The Test Graveyard
Most stores run the same failed tests twice. You test adding trust badges to your product page. It loses. You remember nothing. Eighteen months later, a new designer joins your team. They pitch adding trust badges to the product page. You test it again. It loses again.
You paid twice for the same lesson. That's the cost of not keeping a test log.
A test log is your institutional memory. It prevents you from retesting what didn't work. It shows you patterns in what your audience actually responds to.
Why a Test Log Matters
Two reasons. First, you stop wasting traffic on tests you already know lose. Second, losing tests teach you what your audience doesn't care about.
A team that's been running tests for a year without logging them has run 50 tests. Half of them probably lost. They can't remember which ones. So they run them again.
A team that logs every test has a record. They know in five minutes that shortening the hero headline lost three times already. They skip it. They move to something new.
The second reason is subtler but more valuable. Losing tests tell you about your audience. You tested a "free gift with purchase" offer on the homepage. It didn't move conversions. That tells you your audience doesn't respond to scarcity or bonus product. That insight changes the next five tests you design.
What to Log
Keep it simple. A Google Sheet with seven columns:
- Date started
- Page tested (homepage, product page, checkout, etc.)
- Hypothesis (one sentence)
- Variant (what changed)
- Sample size (visitors per variant)
- Result (won, lost, inconclusive)
- Learning (what this teaches you)
- Next action (what test comes next)
You don't need fancy software. A spreadsheet works. The point is writing it down.
The Learning Column Is Everything
This is the section most teams skip.
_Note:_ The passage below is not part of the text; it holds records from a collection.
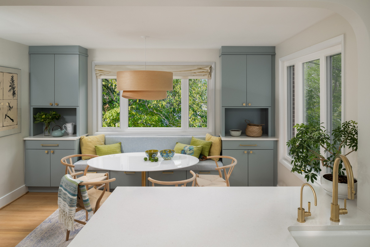 Stepping further into the dining room, Emerson included two additional tall pantries, one to each side of a window with a custom bench seat below. One pantry serves as a dedicated coffee/tea station while the other serves as overflow storage for canned goods. As well, the designer included storage in the bench seat.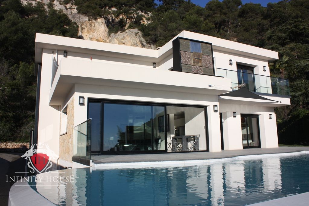 Villefranche-sur-Mer, Nowoczesna Willa z widokiem na lazurowe wybrzeże – marzenie każdego na Francuskiej Riwierze, piękny Kalifornijski styl willi odnowiony w bardzo wysokiej jakości materiałach, niepowtarzalnym widokiem na morze Cap Ferrat a co wiecej z pięknym basenem z widokiem na całe wybrzeże.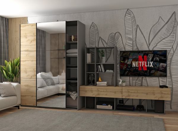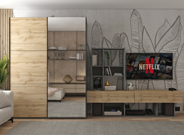 Шафа-купе G-Caiser Doros – це невід'ємна і функціональна складова сучасного інтер'єру спальні чи вітальні, гардеробної кімнати або передпокою, для створення «правильного планування» та зберігання речей. Перевагою шафи є два відділення: відділення з полицями та відділення зі штангою для вішалок, зверху полиці антресоль з німецькою розсувною системою Hettich та один дзеркальний фасад Leal Glass в повний зріст. Шафа-купе G-Caiser Doros безсумнівно, стане модним, функціональним і практичним предметом меблів в зоні Вашого комфорту.

They log the test result and move on. But the learning is where the value is.
Bad learning: "Shorter headline didn't work."
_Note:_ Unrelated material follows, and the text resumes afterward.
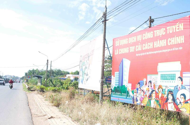 Một pa nô tuyên truyền sử dụng dịch vụ công trực tuyến đặt tại Quốc lộ 1A đoạn đi qua H.Trảng Bom

Good learning: "Shorter headline didn't lift CRO. Suggests audience actually reads the PDP carefully and values detailed product description. Length isn't the problem."
The bad version tells you what didn't work. The good version tells you why it didn't work. That's the difference between a losing test and a lesson.
Another example. You test adding a "customers also bought" carousel to the product page. It loses. Bad learning: "Carousel test didn't convert." Good learning: "Adding related products in carousel format didn't increase AOV or CR. This suggests product discovery happens during browsing, not at the final stage. Focus next tests on collection page and search experience."
Start logging today.
Get a test log template and build your first month of tests.
Monthly Review: Finding Patterns
At the end of each month, read through your log. Look for patterns. What keeps losing? What keeps winning?
If you've run five tests on the product page and three of them were about changing copy, all three lost, that's a pattern. The product copy isn't your problem. Your audience isn't copy-sensitive. Stop testing copy.
If you've run three tests about checkout friction and two of them won, that's a pattern. Checkout friction is where your money is. Run more checkout tests next month.
A test log becomes a decision-making tool over time. It shows you where your leverage actually is.
This Is Why Agencies Don't Keep Logs
Most agencies get paid by the hour or the test, not the result. If they run 50 tests and 40 of them lose, they still collect 50 payments. If they had a test log, they'd realize that after test 15, the patterns became clear. They'd run fewer tests and make more money for clients. But fewer tests means fewer billable hours.
Your test log is a competitive moat. An agency that doesn't care about your patterns doesn't have one. You do. A year of logged tests tells you what your specific audience responds to. Nobody else has that data.
How to Use It
Before you design a new test, look at the learning column from the last five tests. Build off what you learned, not what looks intuitive. Every test should answer a question raised by the test before it.
That's how a hypothesis-first workflow compounds. You don't run random tests. You run tests that build on each other. Each one teaches you about your audience and points to the next one.
A test log that's actually used turns testing from guessing into learning.